EXERCISE BRIEF
Write out, word for word and with no pictures, each line below from the one containing "avg(total) = 3986.42" through the one containing "Mercredi 18 mars", both included, and no other line.

[[ EXERCISE INPUTS open ]]

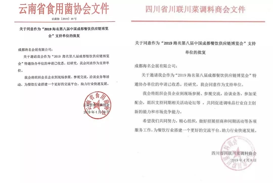 【朱臺(tái)鎮(zhèn)行業(yè)商會(huì)、全國(guó)工商聯(lián)廚具商會(huì)西部工作站、成都市水產(chǎn)行業(yè)協(xié)會(huì)、云南省食用菌協(xié)會(huì)、四川省川聯(lián)川菜調(diào)料商會(huì) 復(fù)函】
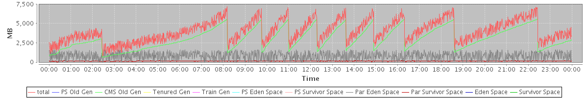 avg(total) = 3986.42 avg(PS Old Gen) = 0.00 avg(CMS Old Gen) = 3018.38 avg(Tenured Gen) = 0.00 avg(Train Gen) = 0.00 avg(PS Eden Space) = 0.00 avg(PS Survivor Space) = 0.00 avg(Par Eden Space) = 821.72 avg(Par Survivor Space) = 146.32 avg(Eden Space) = 0.00 avg(Survivor Space) = 0.00
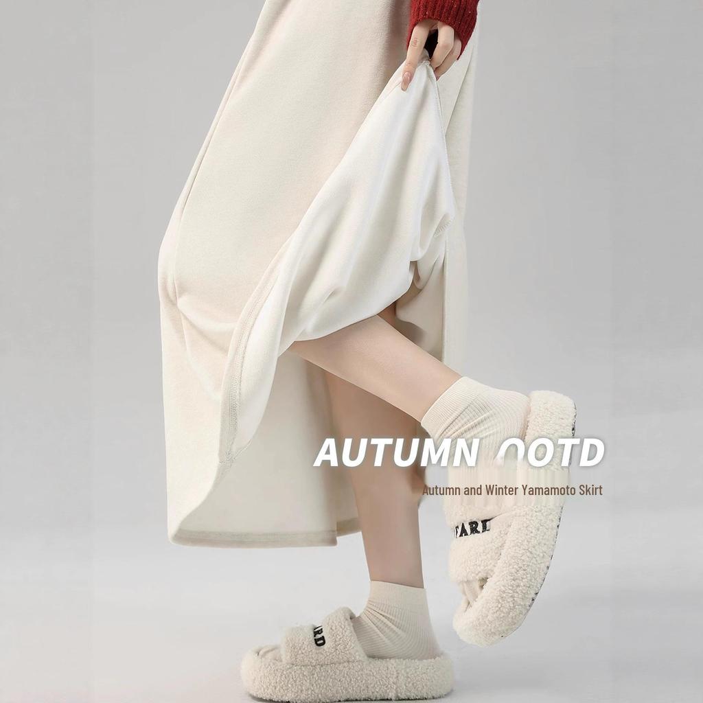 Off-White High Waist Glutinous Rice A-Line Skirt for Women - Slim, Flattering, Mid-Length, Yamamoto Style, Spring/Autumn/Winter 2025
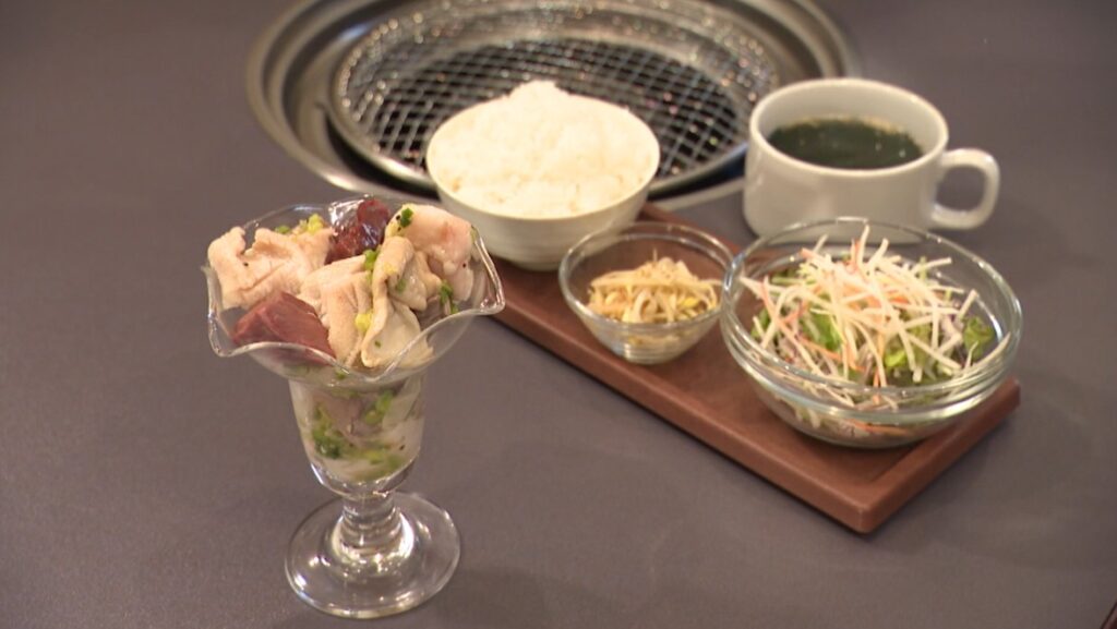 ユニークなビジュアルで話題なのは「肉パフェ」のランチ。パフェグラスに盛られたのはセンマイやハチノス、テッポウなどのホルモン。見た目のかわいらしさとは裏腹に、味は本格的です。
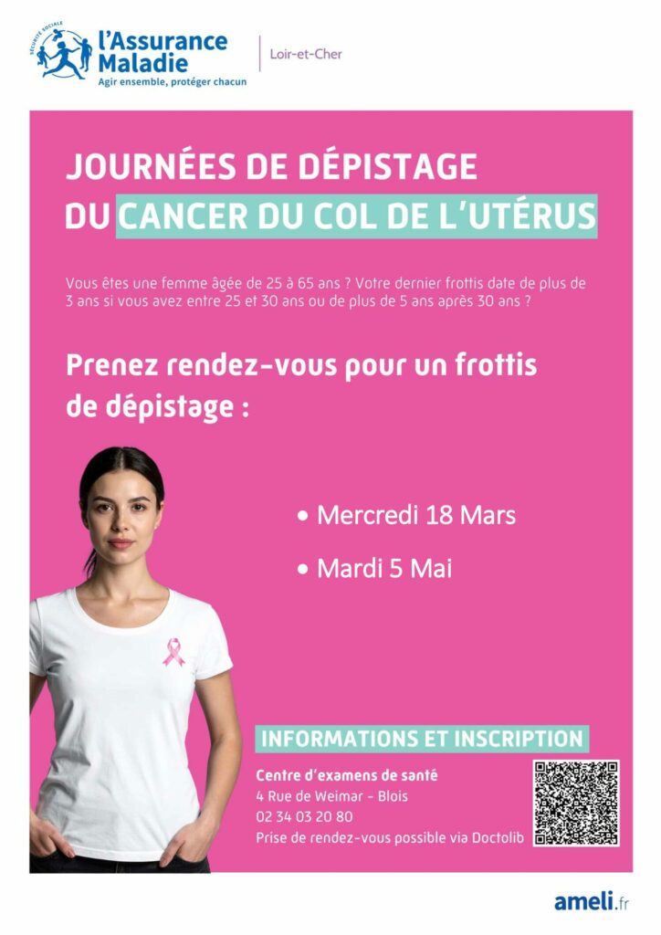 Mercredi 18 mars 2026 ou mardi 5 mai 2026 au Centre d’examens de santé – 4 rue Weimar à BLOIS (41)
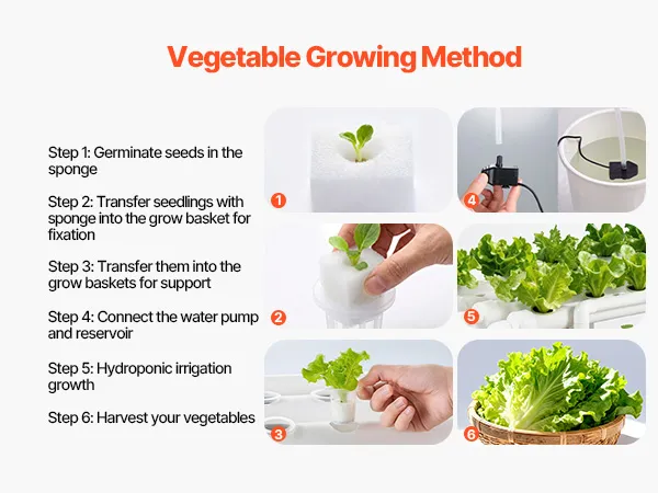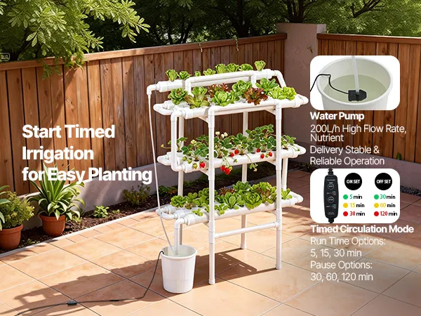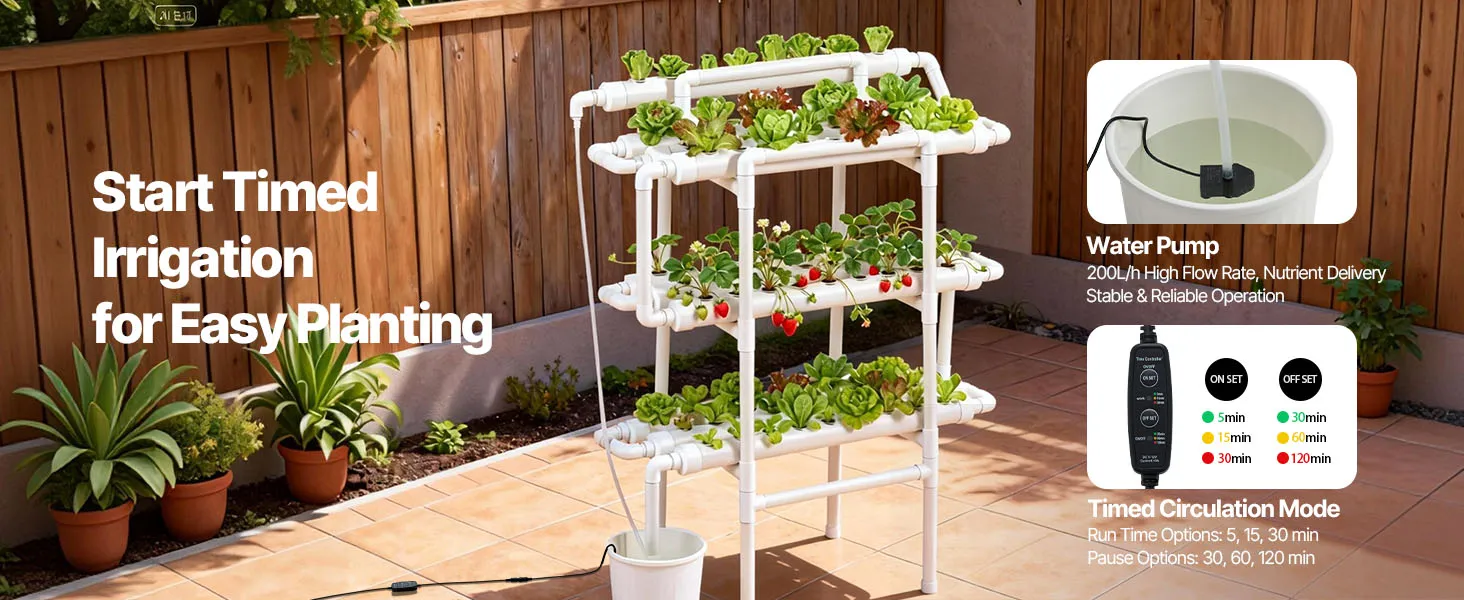 Geautomatiseerd bewateringssysteem: Uitgerust met een 4W waterpomp en een timer voor efficiënte watercirculatie, waardoor planten voedingsstoffen beter kunnen opnemen. De hydrocultuurset bevat een 24-uurs timer die u in het stopcontact kunt steken, zodat u automatische aan/uit-cycli kunt instellen voor eenvoudig gebruik.
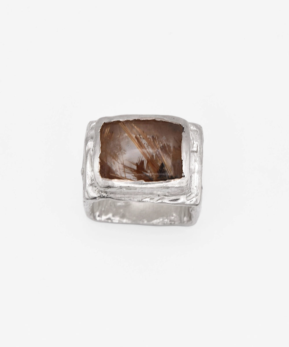 Anillo de plata reciclada elaborado artesanalmente y engastado con cuarzo rutilo único. Cada piedra ha sido cuidadosamente seleccionada para garantizar que no haya dos iguales.
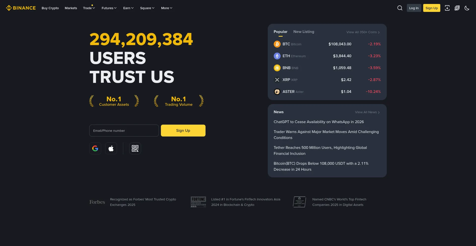 Binance, the largest crypto exchange by trading volume, serves 250M+ users in 180+ countries. With 350+ listed altcoins, it is the world's leading crypto exchange.
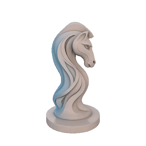 Một giọt nước chuyển động – lướt đi êm ái như sương sớm giữa chiến lược và giấc mơ. Tượng "Kỵ Sĩ" Organica này, với đầu giống hộp sọ ngựa và bờm lá, thể hiện sự chuyển động thuần khiết và tinh thần hoang dã, vượt qua mọi giới hạn.
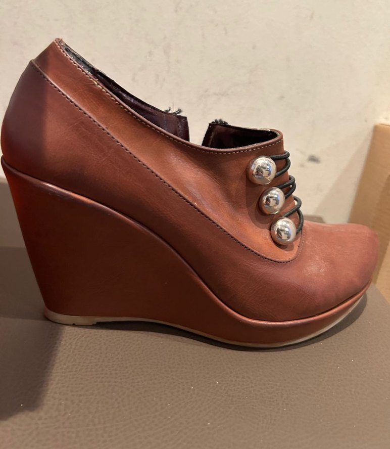 Parlak kahverengi deri kadın bot, dolgu topuklu ve tokalı detaylara sahip. Günlük kullanıma uygun çağdaş tarzda.Kullanılmış üründür.
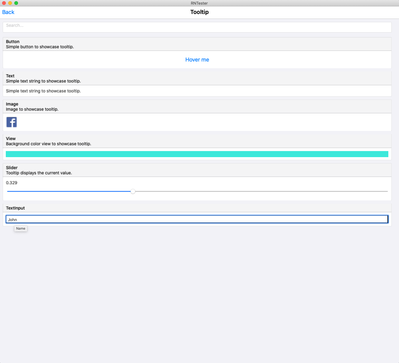 Sure, I added tooltip support to slider and text input. I think Checkbox has been removed from React Native and has a community module for it now - https://github.bokerqi.top/react-native-community/react-native-checkbox |

[[ EXERCISE INPUTS closed ]]

RESPONSE
 avg(total) = 3986.42 avg(PS Old Gen) = 0.00 avg(CMS Old Gen) = 3018.38 avg(Tenured Gen) = 0.00 avg(Train Gen) = 0.00 avg(PS Eden Space) = 0.00 avg(PS Survivor Space) = 0.00 avg(Par Eden Space) = 821.72 avg(Par Survivor Space) = 146.32 avg(Eden Space) = 0.00 avg(Survivor Space) = 0.00
 Off-White High Waist Glutinous Rice A-Line Skirt for Women - Slim, Flattering, Mid-Length, Yamamoto Style, Spring/Autumn/Winter 2025
 ユニークなビジュアルで話題なのは「肉パフェ」のランチ。パフェグラスに盛られたのはセンマイやハチノス、テッポウなどのホルモン。見た目のかわいらしさとは裏腹に、味は本格的です。
 Mercredi 18 mars 2026 ou mardi 5 mai 2026 au Centre d’examens de santé – 4 rue Weimar à BLOIS (41)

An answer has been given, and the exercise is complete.